Excerpted data.
• • •

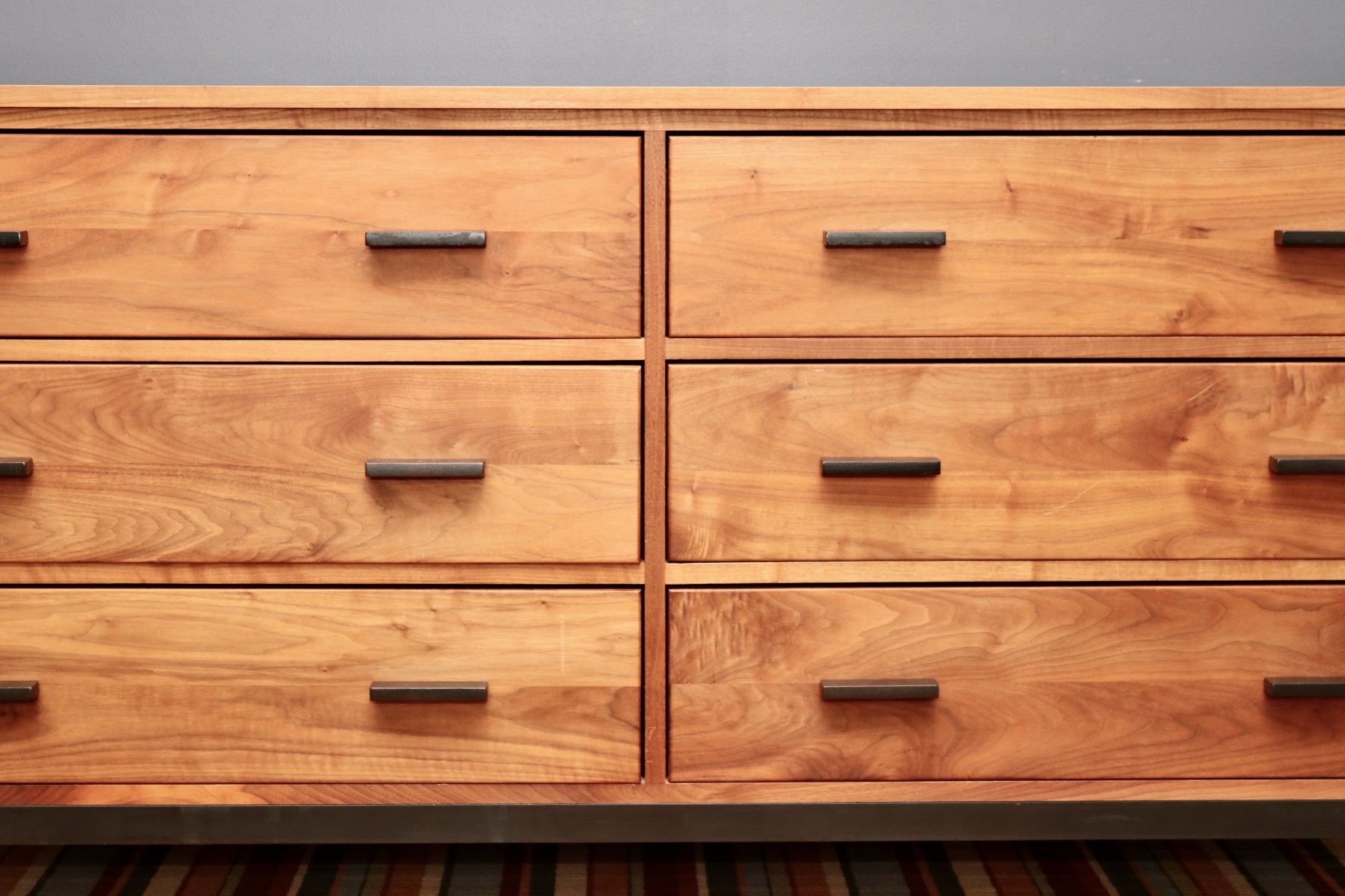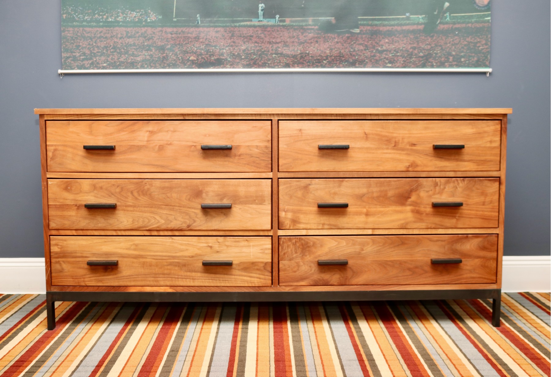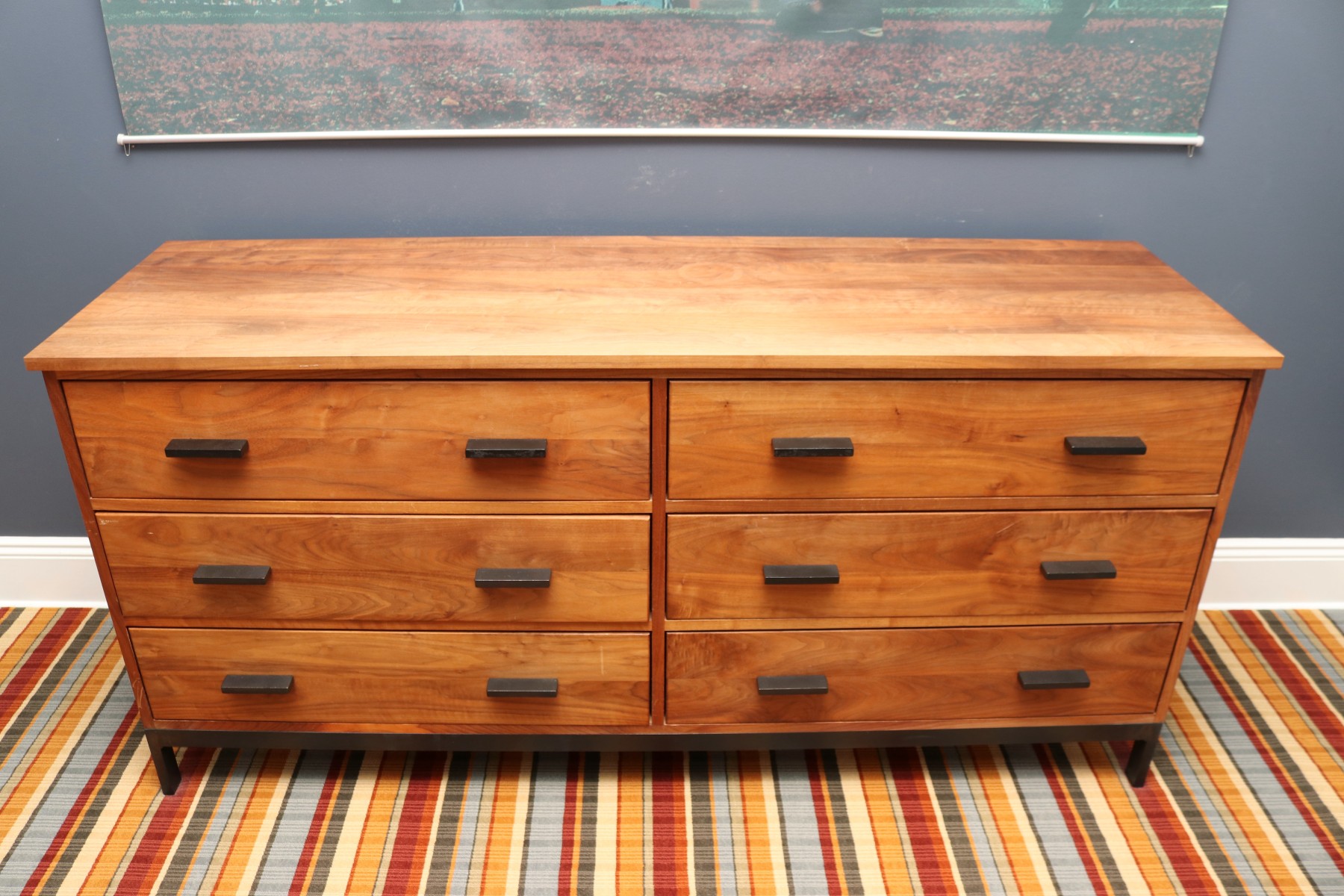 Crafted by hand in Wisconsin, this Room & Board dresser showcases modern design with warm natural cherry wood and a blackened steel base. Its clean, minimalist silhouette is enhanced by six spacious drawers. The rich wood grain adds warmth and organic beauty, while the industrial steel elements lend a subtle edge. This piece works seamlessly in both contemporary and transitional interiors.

• • •

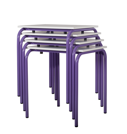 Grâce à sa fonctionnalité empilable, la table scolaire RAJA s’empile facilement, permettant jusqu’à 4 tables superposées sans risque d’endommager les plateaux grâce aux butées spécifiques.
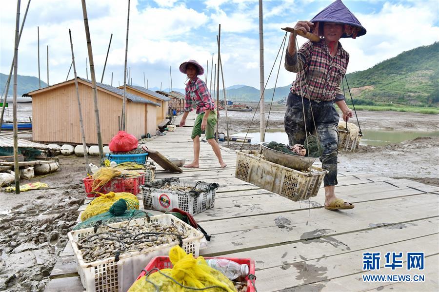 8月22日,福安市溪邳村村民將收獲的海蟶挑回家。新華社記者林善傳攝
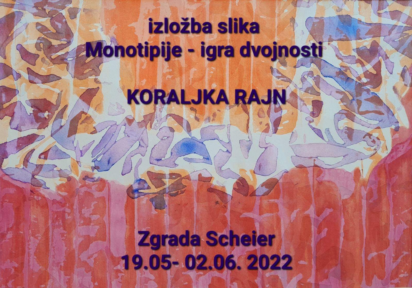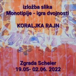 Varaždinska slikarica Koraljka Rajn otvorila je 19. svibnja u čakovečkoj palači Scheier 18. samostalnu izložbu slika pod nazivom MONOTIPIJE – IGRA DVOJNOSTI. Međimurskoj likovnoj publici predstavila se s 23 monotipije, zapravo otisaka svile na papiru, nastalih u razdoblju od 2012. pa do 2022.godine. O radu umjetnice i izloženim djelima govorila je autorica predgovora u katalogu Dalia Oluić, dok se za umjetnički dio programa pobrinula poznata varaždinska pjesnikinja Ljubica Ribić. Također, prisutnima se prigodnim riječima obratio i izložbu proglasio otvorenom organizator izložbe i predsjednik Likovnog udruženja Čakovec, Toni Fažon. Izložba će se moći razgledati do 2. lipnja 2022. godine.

• • •

Goal of the exercise. Please transcribe exactly the part of the records that opens with the line containing "8月22日,福安市溪邳村村民將收獲的海蟶挑回家。新華社記者林善傳攝" and closes with the line containing "Varaždinska slikarica Koraljka", both ends included, and leave out the pictures.

Response to the task.
 8月22日,福安市溪邳村村民將收獲的海蟶挑回家。新華社記者林善傳攝
 Varaždinska slikarica Koraljka Rajn otvorila je 19. svibnja u čakovečkoj palači Scheier 18. samostalnu izložbu slika pod nazivom MONOTIPIJE – IGRA DVOJNOSTI. Međimurskoj likovnoj publici predstavila se s 23 monotipije, zapravo otisaka svile na papiru, nastalih u razdoblju od 2012. pa do 2022.godine. O radu umjetnice i izloženim djelima govorila je autorica predgovora u katalogu Dalia Oluić, dok se za umjetnički dio programa pobrinula poznata varaždinska pjesnikinja Ljubica Ribić. Također, prisutnima se prigodnim riječima obratio i izložbu proglasio otvorenom organizator izložbe i predsjednik Likovnog udruženja Čakovec, Toni Fažon. Izložba će se moći razgledati do 2. lipnja 2022. godine.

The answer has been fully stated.